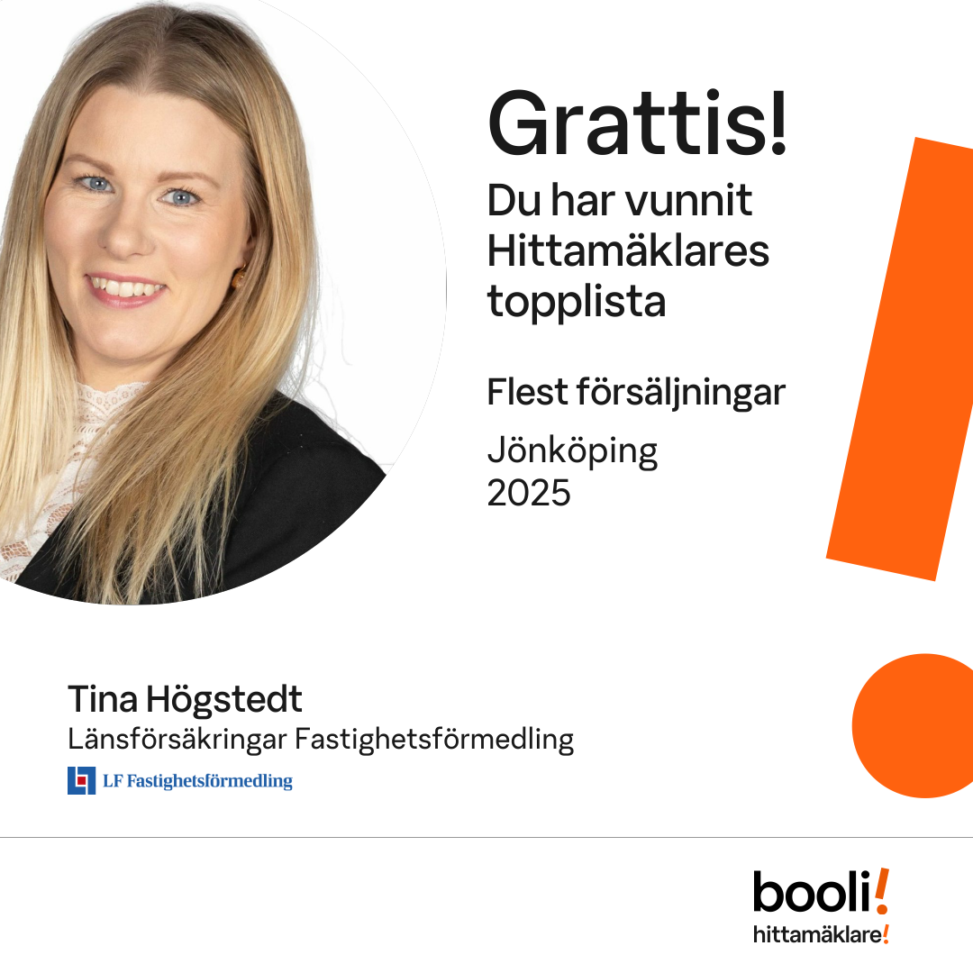 Statistik för publicerade bostäder, försäljningar och omdömen baseras på data från Booli och Hittamäklare. Statistiken för försäljningar avser inrapporterade och verifierade slutpriser från mäklare eller av Booli inhämtade och verifierade slutpriser. Statistiken för publicerade bostäder baseras på information som publicerats på Booli.se. Statistik för omdömen och rekommendationer baseras på omdömen från säljare som lämnats via Booli och Hittamäklare.
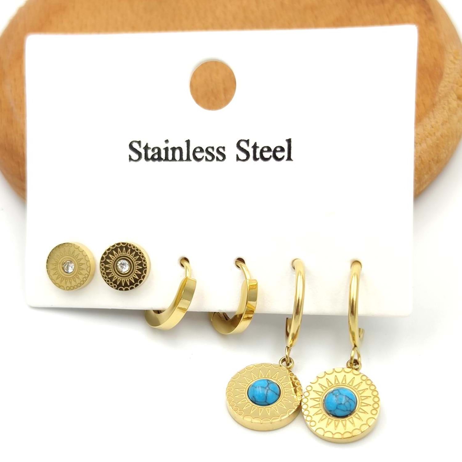 ÇELİK MAVİ TAŞLI YUVARLAK ÜÇLÜ KÜPE SETİ
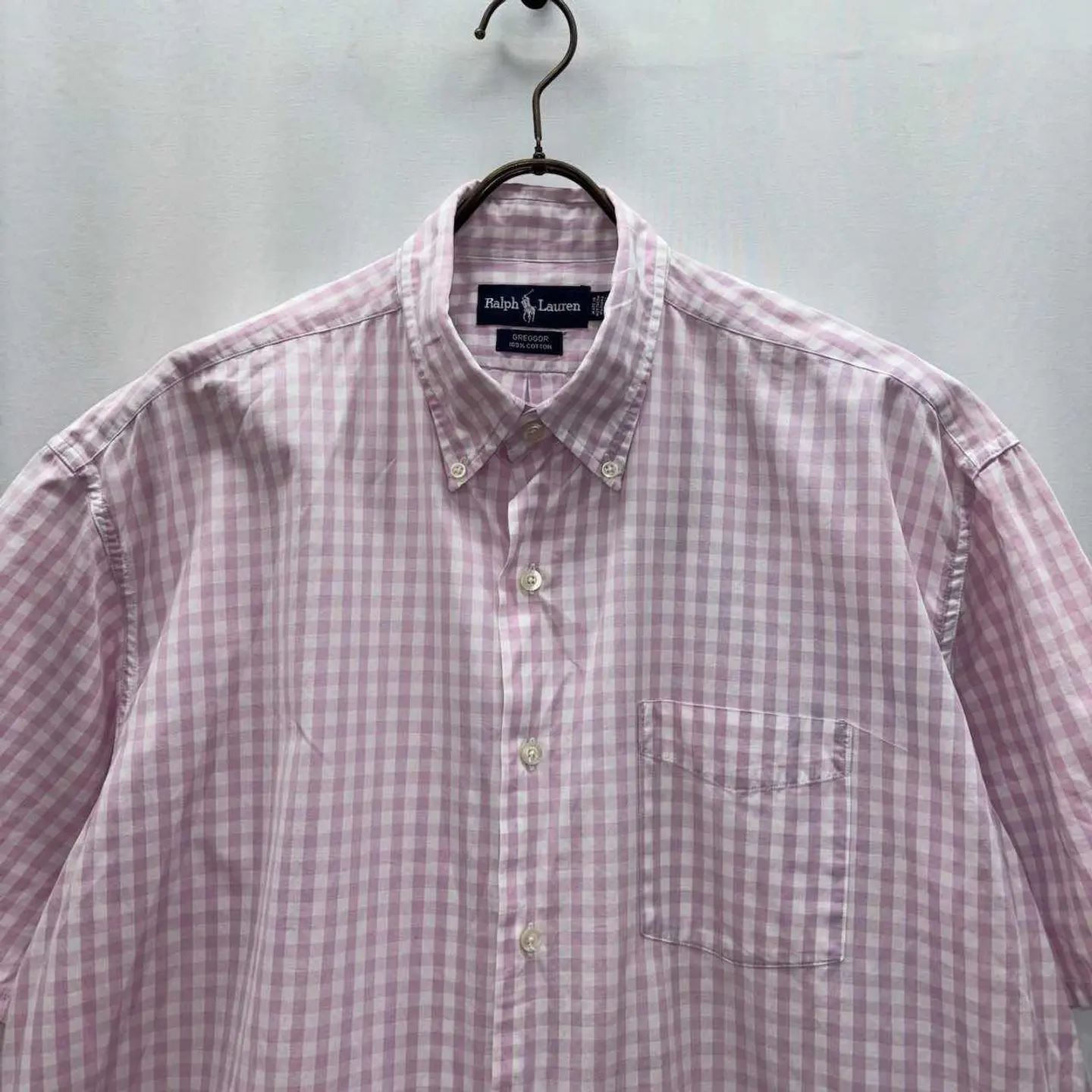 【サイズ表記】 L 【サイズ(cm)】 肩幅55 袖丈25 裄丈53 袖口(平置)20 腕周(平置)26 着丈77.5 身幅(脇下)59 【商品詳細】 生産国 :北マリアナ諸島 ブランド:Ralph Lauren カラー :ピンク 素材 :100%コットン 【コンディション】 B-C(若干紫っぽい所があります。) 【S】新品、展示品、デットストックなど 【A】使用感少なく、状態の良いUSED 【B】使用感あるが、目立つダメージや大きな汚れは無い。 【C】使用感と部分的にダメージや汚れ有り。 【D】使用感があり、大きなダメージや汚れ有り。 ※古着故、多少の着用感や細かい汚れがございます。古着に理解のない方のご購入はお控えいただけると幸いです。 また、撮影状況により色味に若干の差異が生じる事がございます。 【ジャンル】 US古着/US vintage 【その他】 こちらの商品は古着商品となります。 全て1点のみの在庫となります、ご注意ください。
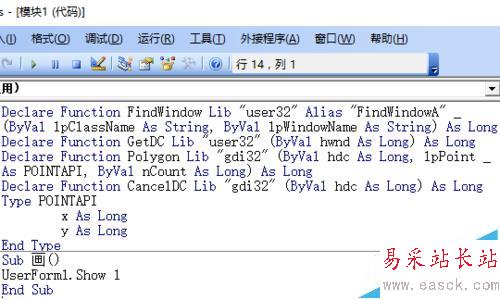 3、在模塊1內編程,聲明4個函數,并編寫一句顯示窗體的程序——“畫”。
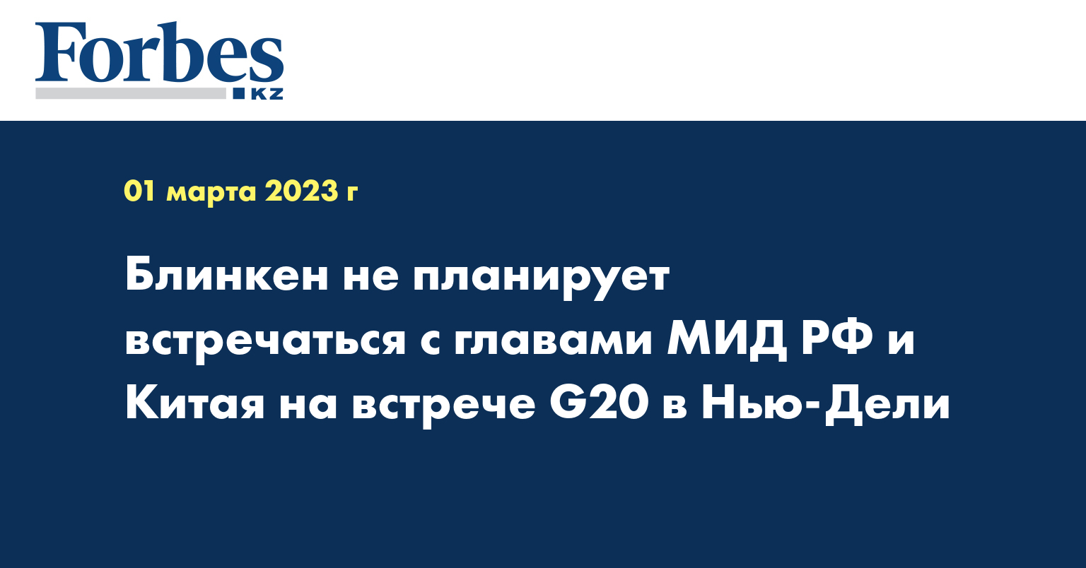 Госсекретарь Энтони Блинкен заявил в среду, что не планирует встречаться с министрами иностранных дел России и Китая во время встречи «Большой двадцатки» (G20) в Нью-Дели, передает "Голос Америки".
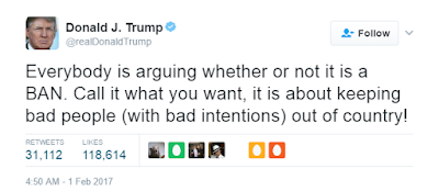 NEWS Call it what you want,it’s about keeping bad people out of the US-Donald Trump on ‘Muslim ban’ By niyidaram Posted on February 1, 2017 Share Tweet Share Share Email Comments From the desk of Twitter savvy President Trump.. Like this:Like Loading... Related Items: Share Tweet Share Share Email Click to comment Leave a Reply Cancel replyYour email address will not be published. Required fields are marked *Comment * Name * Email * Website Δ
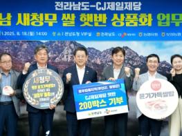 전라남도와 CJ제일제당, 농협유통, 보성·강진통합RPC는 18일 전남도청에서 새청무 쌀 활용 햇반 출시를 통해 안정적 원료곡 공급부터 소비 활성화까지 협력하는 업무협약을 했다.협약식엔 김영록 전남도지사
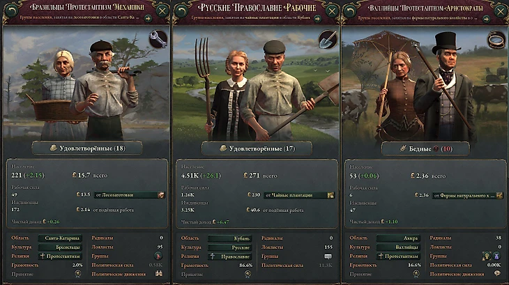 Геймплей в Victoria 3 прежде всего завязан на управлении населением страны, за которую вы играете. Каждого жителя в игре можно классифицировать по четырем параметрам: культура (например, русская), регион проживания (Кубань), религия (православие) и род занятий (рабочий на чайной плантации). Жители с четырьмя совпадающими параметрами объединяются в Группу населения. Даже внутри одной провинции могут сосуществовать сотни различных групп.

◆ ◆ ◆ ◆ ◆

● **Task brief**:
Go through the data above and print exactly the lines from its first line through the line holding "vintage 【その他】 こちらの商品は古着商品となります。 全て1点のみの在庫となります、ご注意ください。", both included, leaving pictures aside.

● **Solution to the exercise**:
 Statistik för publicerade bostäder, försäljningar och omdömen baseras på data från Booli och Hittamäklare. Statistiken för försäljningar avser inrapporterade och verifierade slutpriser från mäklare eller av Booli inhämtade och verifierade slutpriser. Statistiken för publicerade bostäder baseras på information som publicerats på Booli.se. Statistik för omdömen och rekommendationer baseras på omdömen från säljare som lämnats via Booli och Hittamäklare.
 ÇELİK MAVİ TAŞLI YUVARLAK ÜÇLÜ KÜPE SETİ
 【サイズ表記】 L 【サイズ(cm)】 肩幅55 袖丈25 裄丈53 袖口(平置)20 腕周(平置)26 着丈77.5 身幅(脇下)59 【商品詳細】 生産国 :北マリアナ諸島 ブランド:Ralph Lauren カラー :ピンク 素材 :100%コットン 【コンディション】 B-C(若干紫っぽい所があります。) 【S】新品、展示品、デットストックなど 【A】使用感少なく、状態の良いUSED 【B】使用感あるが、目立つダメージや大きな汚れは無い。 【C】使用感と部分的にダメージや汚れ有り。 【D】使用感があり、大きなダメージや汚れ有り。 ※古着故、多少の着用感や細かい汚れがございます。古着に理解のない方のご購入はお控えいただけると幸いです。 また、撮影状況により色味に若干の差異が生じる事がございます。 【ジャンル】 US古着/US vintage 【その他】 こちらの商品は古着商品となります。 全て1点のみの在庫となります、ご注意ください。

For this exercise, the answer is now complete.